The Most Stupid Thing You Can Do Is To Hold A Grudge

I don’t know about you, but I’ve done made some dumbass decisions and done some stupid things in my life.

Only just this last week I bought an iPad without doing any research and not realizing that the antennas have less strength than Monty Burns after a 7 day water fast.

The bemused look on the face of the techie at the Apple store when I whined “But my phone and laptop work just fine in the same place” told me all I needed to know.

Trying to usher a very pissed off snake out of the yard a few weeks ago using a chair and a garden rake was also pretty dumb on reflection.

Hammering a nail through a water pipe was a bad decision made all the worse when I pulled it out again to see what the hissing sound was before turning the water supply off.

My decision to get so drunk on a flight to Majorca many, many, years ago took asinine behavior to a whole new level. So much so that when I arrived at our hotel room on the 10th floor late at night I thought throwing a chair off the balcony into the pool below would be hilarious.

The hilarity stopped however when the chair bounced off the ‘pool’ which turned out to be a red painted open air dance floor that kinda, almost, looked like a pool in the dark.

To a drunken idiot anyway.

I then hatched a cunning plan to climb over the balcony and steal the chair from the next room so nobody would find out it was me who had committed such a dastardly dirty deed.

Unfortunately the chair I ‘borrowed’ belonged to two friends that had come with me.
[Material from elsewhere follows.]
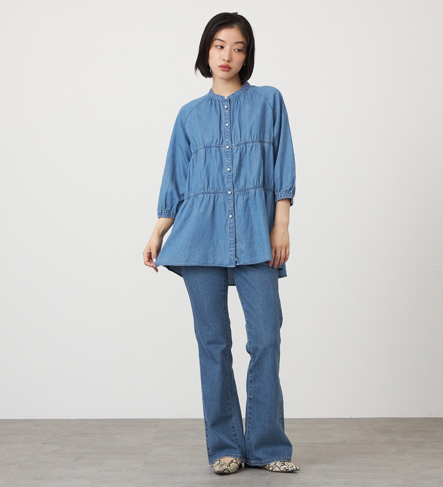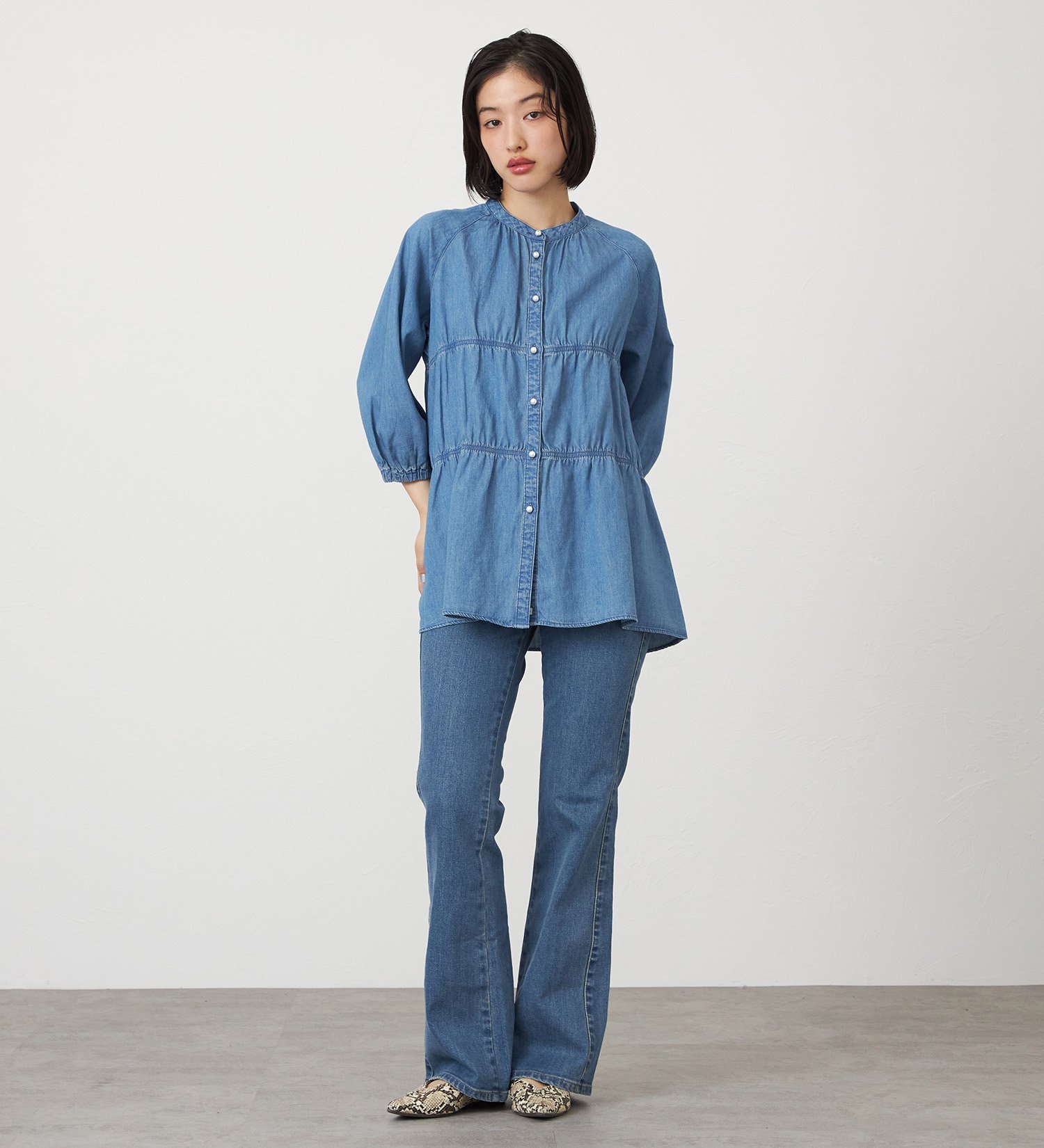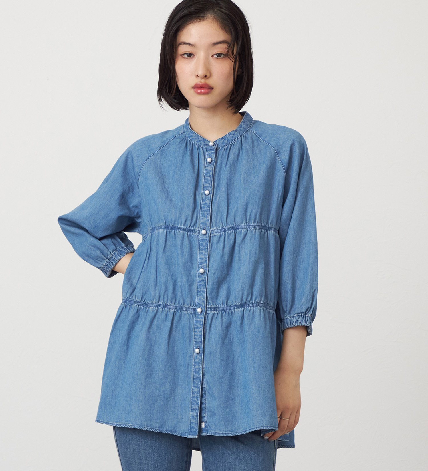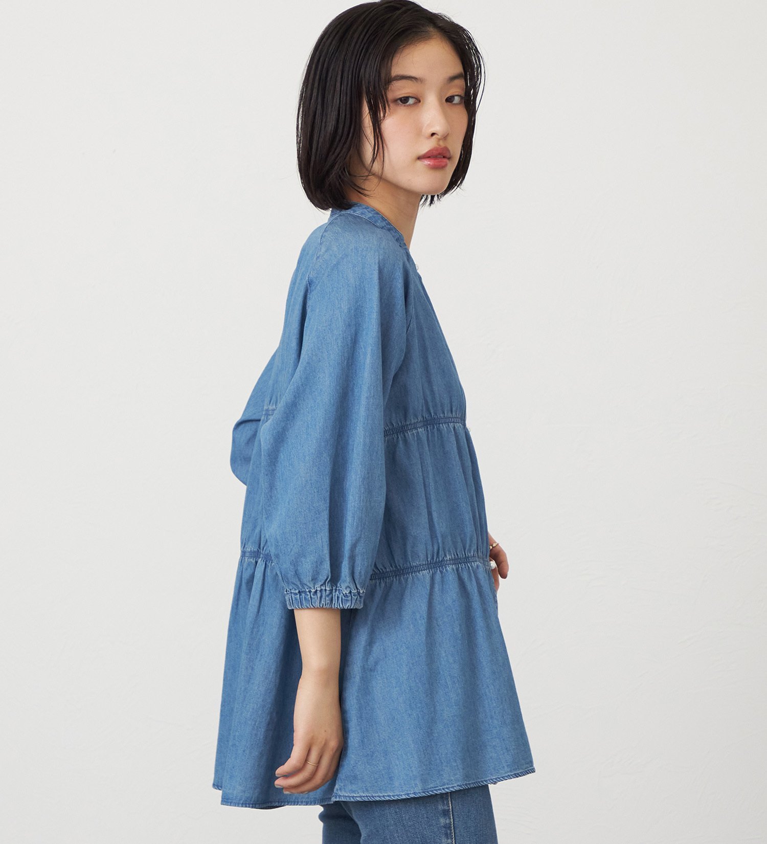 Джинсовая блузка с эффектными многослойными рукавами три четверти.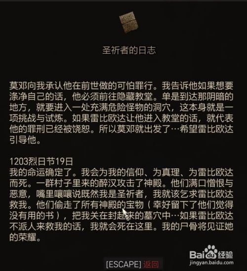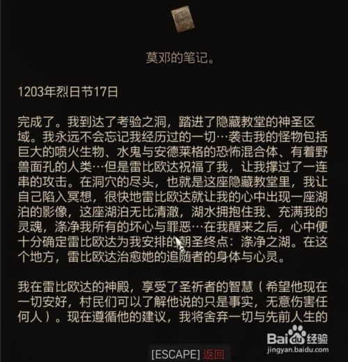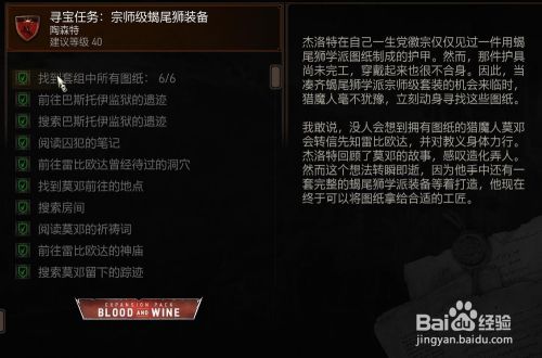 工具/原料SwitchLiteSwitch11巫师31.3.1方式/步骤1使命触发是在城镇里的铁匠铺和npc对话触发(委托不只是巨匠)2之后前去巴斯托伊牢狱遗迹3在遗迹中爬上边上的高台 里面可以找到宗师级蝎从头至尾狮钢剑4前去雷比欧达曾经呆过的洞窟 里找到莫邓的祷告词5再到先知的神庙 找到埋没的石门 进去 击杀祷告者的魂灵 可以在密屋中找到蝎从头至尾狮裤子、靴子蓝图6阅读圣祈者的日志 触发前去有着隐藏教堂的洞窟7进入洞窟 击杀两个女吸血鬼 举措措施乞丐 击杀怪物救出村民(其实都是幻觉)8就可以达到洞窟绝顶 获得蝎从头至尾狮银剑蓝图 和莫邓笔记9阅读后 触发前去涤净之湖10在湖底的宝箱中可以获得最后一个蝎从头至尾狮手套蓝图END

Not unsurprisingly they wanted it back the following morning and insisted I pay the fine the hotel manager imposed on us that wiped out all my savings.

I could go on, seriously I could. And the reason I could go on is because I’m human and we all screw up from time to time, it’s what we do best. However, all of those decision pale into insignificance compared to something I did recently.

I held a grudge.

My guess is that your immediate reaction is to think “Is that all, just a grudge? You half-wit, it was waaaay more cretinous to take on the snake.” Because if you’re like most people you will have a grudge or two of your own.

And that’s the thing with grudges, most people massively underrate the harm they can do. And not to the object of the grudge either because they rarely even know.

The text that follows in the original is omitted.